Nothing but the lines from the top of the data to the line holding "- ys7201879; 丹波焼 祥公窯造 流水梅花の絵 塩笥茶碗(共箱)(書付有)【道】" should be printed, word for word and both ends included; leave the pictures out.

Data items
-*-
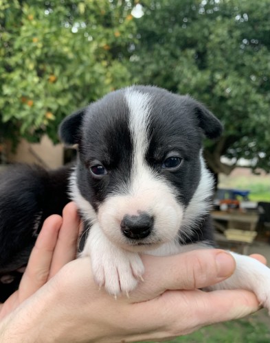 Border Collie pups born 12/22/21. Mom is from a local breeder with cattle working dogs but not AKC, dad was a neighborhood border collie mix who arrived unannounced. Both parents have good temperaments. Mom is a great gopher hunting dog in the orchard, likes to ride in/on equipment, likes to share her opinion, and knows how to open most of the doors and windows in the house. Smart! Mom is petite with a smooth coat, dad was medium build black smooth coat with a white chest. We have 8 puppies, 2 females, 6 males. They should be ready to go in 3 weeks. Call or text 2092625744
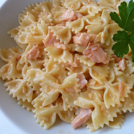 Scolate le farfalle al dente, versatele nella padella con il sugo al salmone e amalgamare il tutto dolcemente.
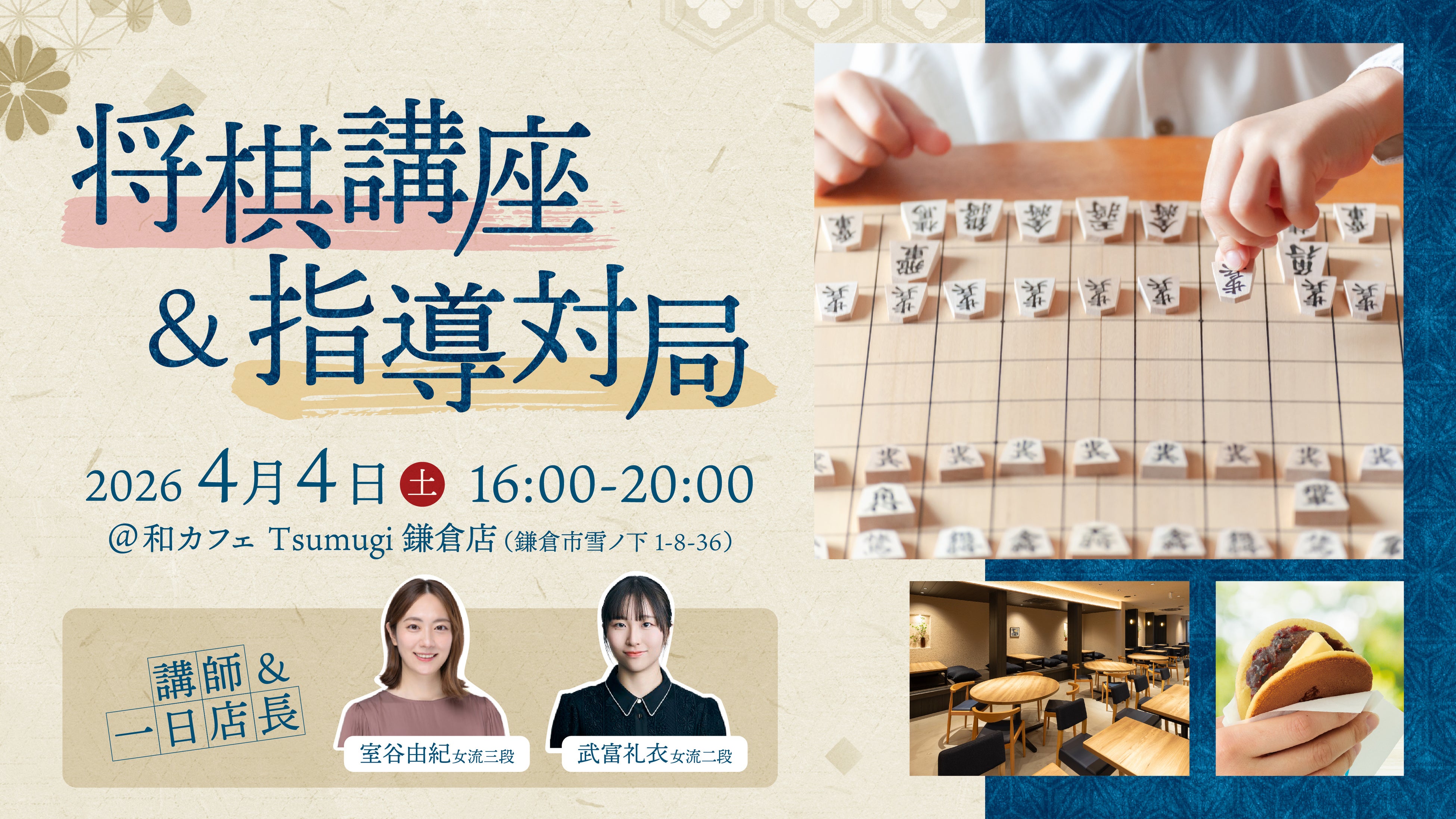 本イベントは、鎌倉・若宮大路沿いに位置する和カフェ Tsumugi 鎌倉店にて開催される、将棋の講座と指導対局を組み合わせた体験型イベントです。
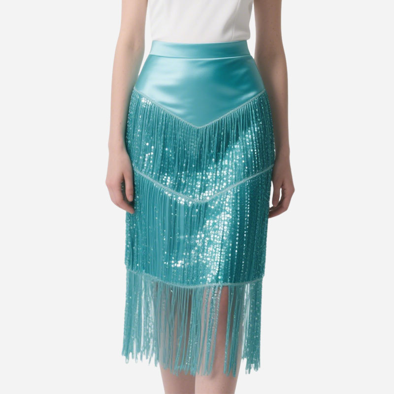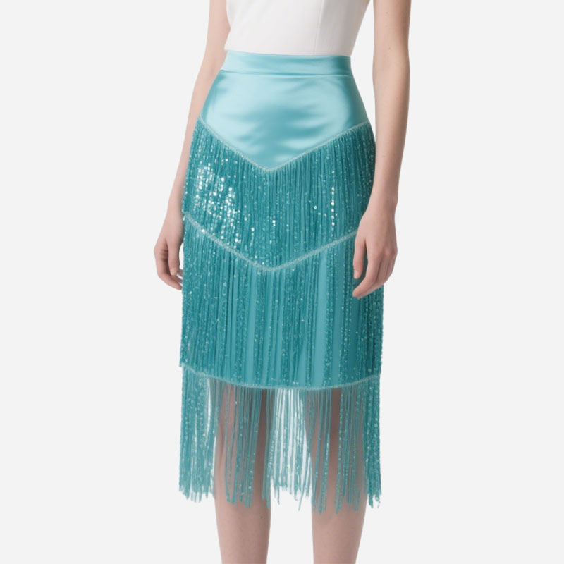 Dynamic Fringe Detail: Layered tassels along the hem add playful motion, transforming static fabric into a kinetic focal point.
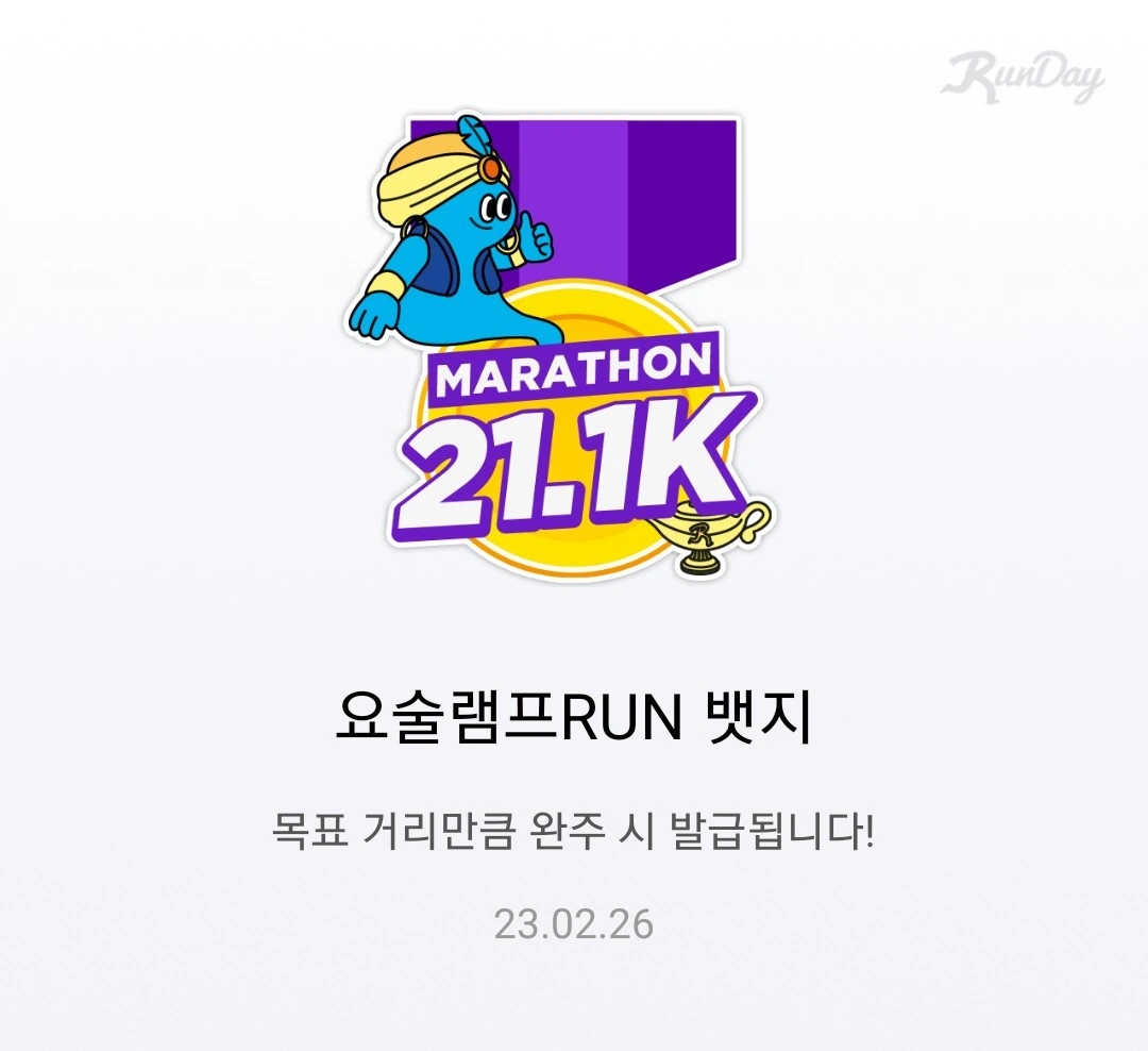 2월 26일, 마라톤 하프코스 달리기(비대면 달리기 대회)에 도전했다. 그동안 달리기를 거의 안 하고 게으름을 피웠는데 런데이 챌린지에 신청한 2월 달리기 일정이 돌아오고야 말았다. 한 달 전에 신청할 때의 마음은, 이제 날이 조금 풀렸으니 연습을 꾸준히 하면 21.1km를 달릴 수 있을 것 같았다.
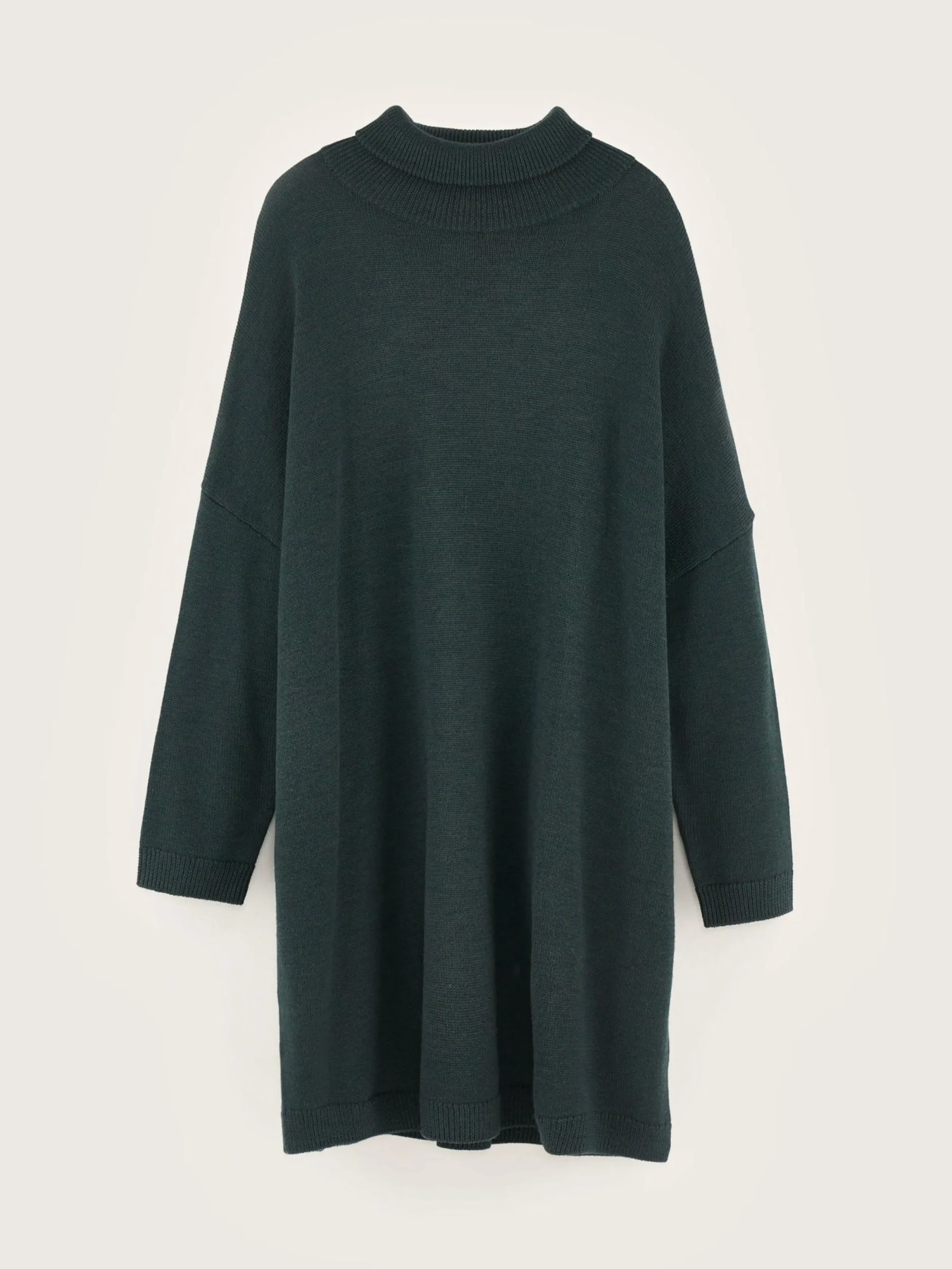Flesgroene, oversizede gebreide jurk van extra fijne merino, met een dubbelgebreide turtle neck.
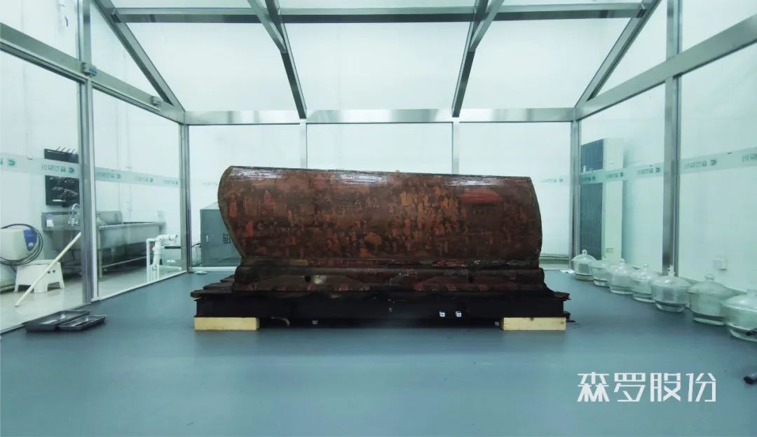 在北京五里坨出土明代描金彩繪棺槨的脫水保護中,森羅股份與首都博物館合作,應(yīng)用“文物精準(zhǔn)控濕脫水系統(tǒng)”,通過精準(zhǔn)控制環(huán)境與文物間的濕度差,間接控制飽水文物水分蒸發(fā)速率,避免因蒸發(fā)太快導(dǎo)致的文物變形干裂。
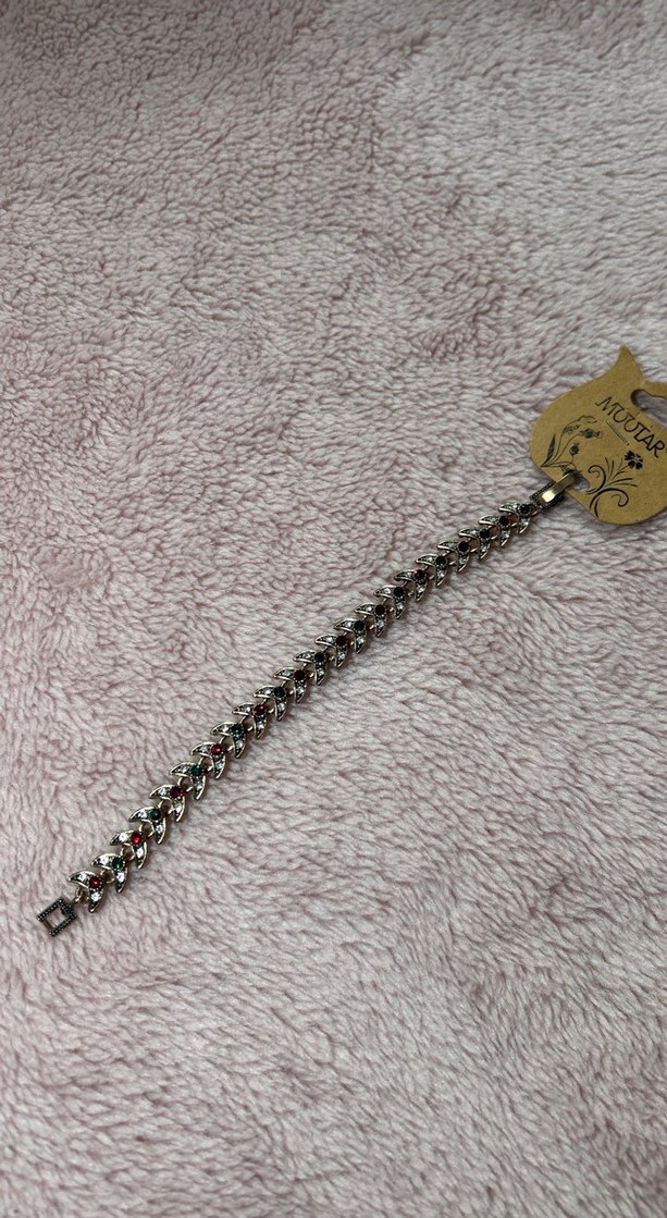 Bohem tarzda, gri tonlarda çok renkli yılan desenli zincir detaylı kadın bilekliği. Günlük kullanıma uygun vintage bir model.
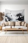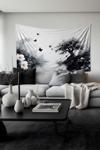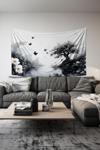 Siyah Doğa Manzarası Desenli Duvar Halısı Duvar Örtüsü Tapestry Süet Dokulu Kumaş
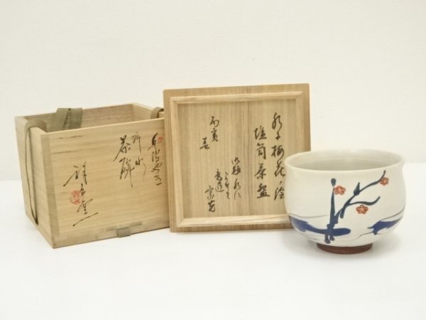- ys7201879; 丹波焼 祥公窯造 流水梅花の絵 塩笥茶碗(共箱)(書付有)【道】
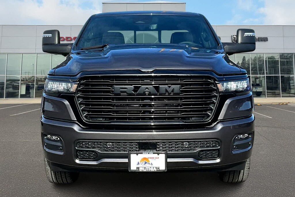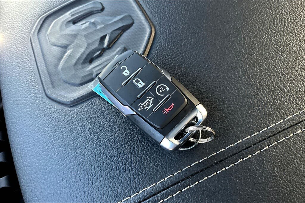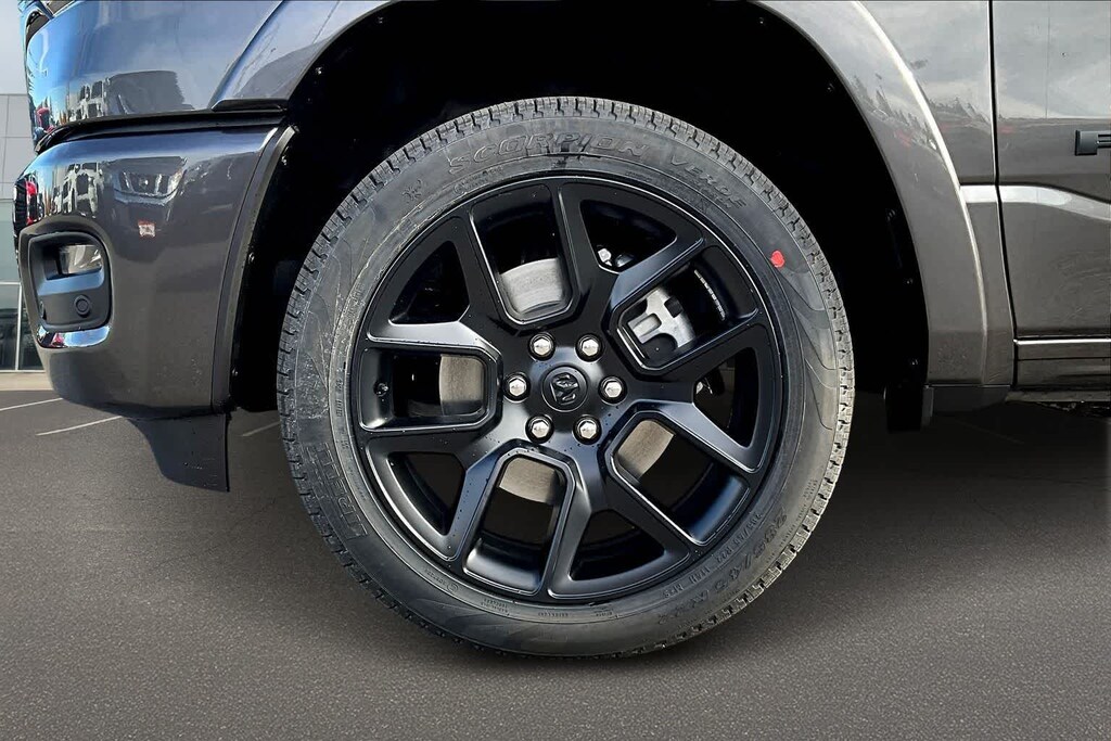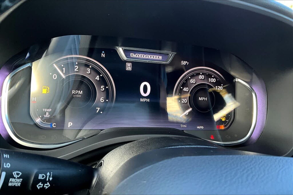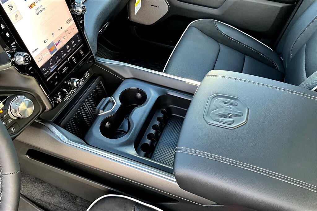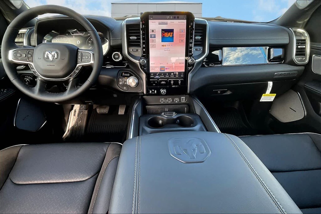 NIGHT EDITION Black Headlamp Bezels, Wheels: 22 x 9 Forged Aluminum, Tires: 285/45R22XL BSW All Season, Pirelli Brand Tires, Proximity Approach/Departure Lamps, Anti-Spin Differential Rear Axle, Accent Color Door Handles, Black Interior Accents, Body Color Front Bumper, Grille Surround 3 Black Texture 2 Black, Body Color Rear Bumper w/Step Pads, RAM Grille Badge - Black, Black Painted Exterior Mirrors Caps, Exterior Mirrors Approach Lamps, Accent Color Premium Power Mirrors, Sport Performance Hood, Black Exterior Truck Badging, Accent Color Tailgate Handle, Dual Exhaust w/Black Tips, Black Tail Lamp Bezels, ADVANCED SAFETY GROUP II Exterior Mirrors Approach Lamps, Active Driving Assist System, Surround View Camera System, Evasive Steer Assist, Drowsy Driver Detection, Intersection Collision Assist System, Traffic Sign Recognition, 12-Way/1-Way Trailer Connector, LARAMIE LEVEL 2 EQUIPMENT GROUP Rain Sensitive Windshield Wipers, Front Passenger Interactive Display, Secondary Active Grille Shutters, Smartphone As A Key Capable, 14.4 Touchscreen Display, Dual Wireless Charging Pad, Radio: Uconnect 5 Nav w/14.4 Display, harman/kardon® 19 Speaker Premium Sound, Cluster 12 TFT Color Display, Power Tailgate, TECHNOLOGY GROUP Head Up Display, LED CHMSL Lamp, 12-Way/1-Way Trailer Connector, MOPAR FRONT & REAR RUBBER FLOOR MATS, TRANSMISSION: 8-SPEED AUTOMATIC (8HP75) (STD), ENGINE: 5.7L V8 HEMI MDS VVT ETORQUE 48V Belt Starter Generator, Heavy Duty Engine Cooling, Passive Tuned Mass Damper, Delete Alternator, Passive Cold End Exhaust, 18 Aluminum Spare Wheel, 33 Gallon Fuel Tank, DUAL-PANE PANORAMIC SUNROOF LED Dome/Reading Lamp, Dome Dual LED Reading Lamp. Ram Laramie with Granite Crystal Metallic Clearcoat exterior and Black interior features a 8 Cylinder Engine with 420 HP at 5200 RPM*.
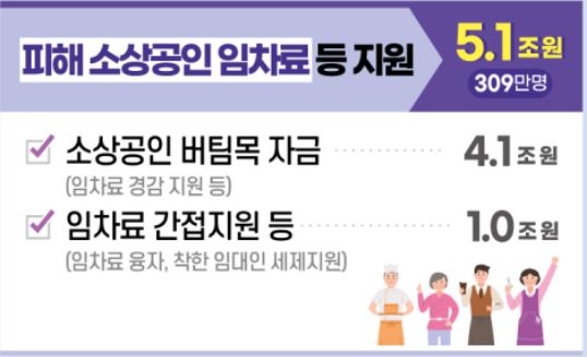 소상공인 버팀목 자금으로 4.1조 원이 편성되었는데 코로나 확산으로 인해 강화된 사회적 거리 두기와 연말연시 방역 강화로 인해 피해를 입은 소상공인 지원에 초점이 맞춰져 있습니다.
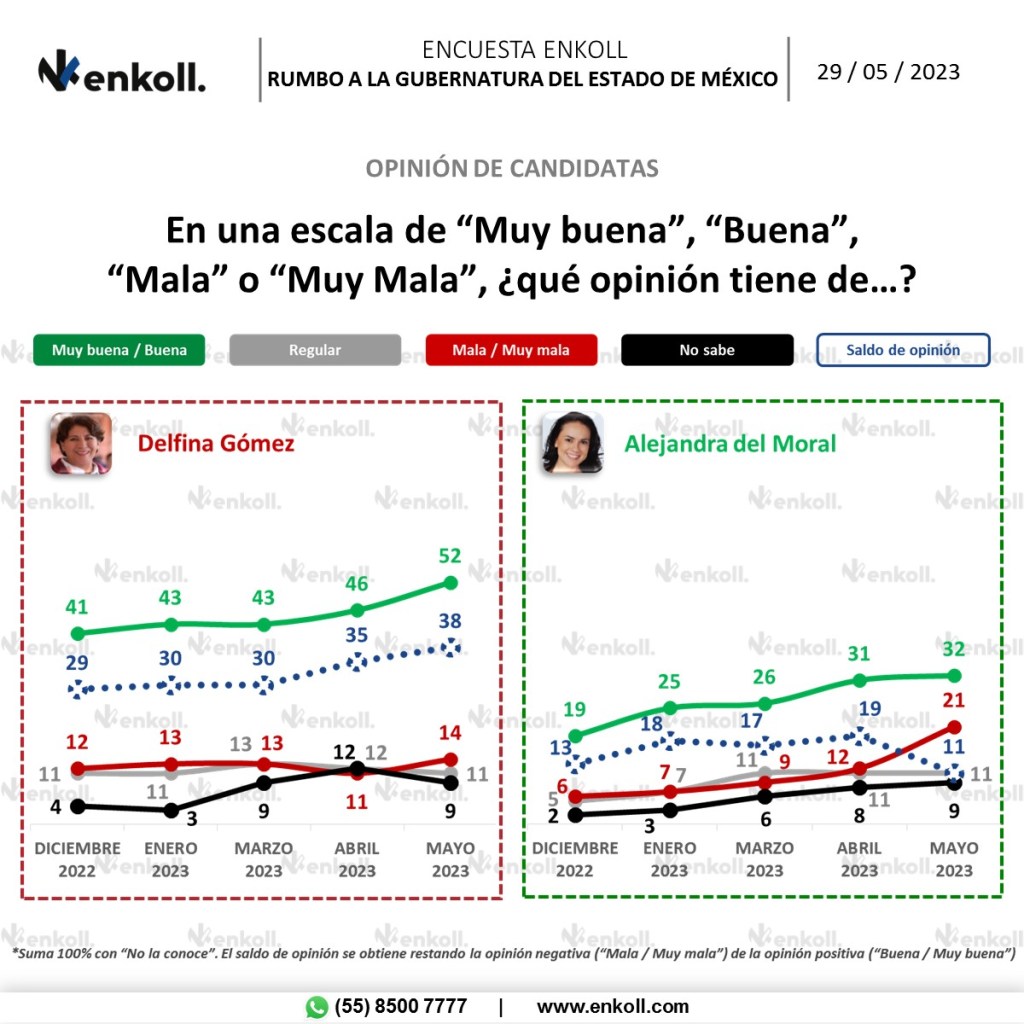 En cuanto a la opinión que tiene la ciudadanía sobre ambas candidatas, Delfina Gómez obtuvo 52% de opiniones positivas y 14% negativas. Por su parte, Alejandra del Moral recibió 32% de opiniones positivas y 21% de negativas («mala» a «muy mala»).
-*-
**Completed exercise**.
 Border Collie pups born 12/22/21. Mom is from a local breeder with cattle working dogs but not AKC, dad was a neighborhood border collie mix who arrived unannounced. Both parents have good temperaments. Mom is a great gopher hunting dog in the orchard, likes to ride in/on equipment, likes to share her opinion, and knows how to open most of the doors and windows in the house. Smart! Mom is petite with a smooth coat, dad was medium build black smooth coat with a white chest. We have 8 puppies, 2 females, 6 males. They should be ready to go in 3 weeks. Call or text 2092625744
 Scolate le farfalle al dente, versatele nella padella con il sugo al salmone e amalgamare il tutto dolcemente.
 本イベントは、鎌倉・若宮大路沿いに位置する和カフェ Tsumugi 鎌倉店にて開催される、将棋の講座と指導対局を組み合わせた体験型イベントです。
 Dynamic Fringe Detail: Layered tassels along the hem add playful motion, transforming static fabric into a kinetic focal point.
 2월 26일, 마라톤 하프코스 달리기(비대면 달리기 대회)에 도전했다. 그동안 달리기를 거의 안 하고 게으름을 피웠는데 런데이 챌린지에 신청한 2월 달리기 일정이 돌아오고야 말았다. 한 달 전에 신청할 때의 마음은, 이제 날이 조금 풀렸으니 연습을 꾸준히 하면 21.1km를 달릴 수 있을 것 같았다.
Flesgroene, oversizede gebreide jurk van extra fijne merino, met een dubbelgebreide turtle neck.
 在北京五里坨出土明代描金彩繪棺槨的脫水保護中,森羅股份與首都博物館合作,應(yīng)用“文物精準(zhǔn)控濕脫水系統(tǒng)”,通過精準(zhǔn)控制環(huán)境與文物間的濕度差,間接控制飽水文物水分蒸發(fā)速率,避免因蒸發(fā)太快導(dǎo)致的文物變形干裂。
 Bohem tarzda, gri tonlarda çok renkli yılan desenli zincir detaylı kadın bilekliği. Günlük kullanıma uygun vintage bir model.
 Siyah Doğa Manzarası Desenli Duvar Halısı Duvar Örtüsü Tapestry Süet Dokulu Kumaş
- ys7201879; 丹波焼 祥公窯造 流水梅花の絵 塩笥茶碗(共箱)(書付有)【道】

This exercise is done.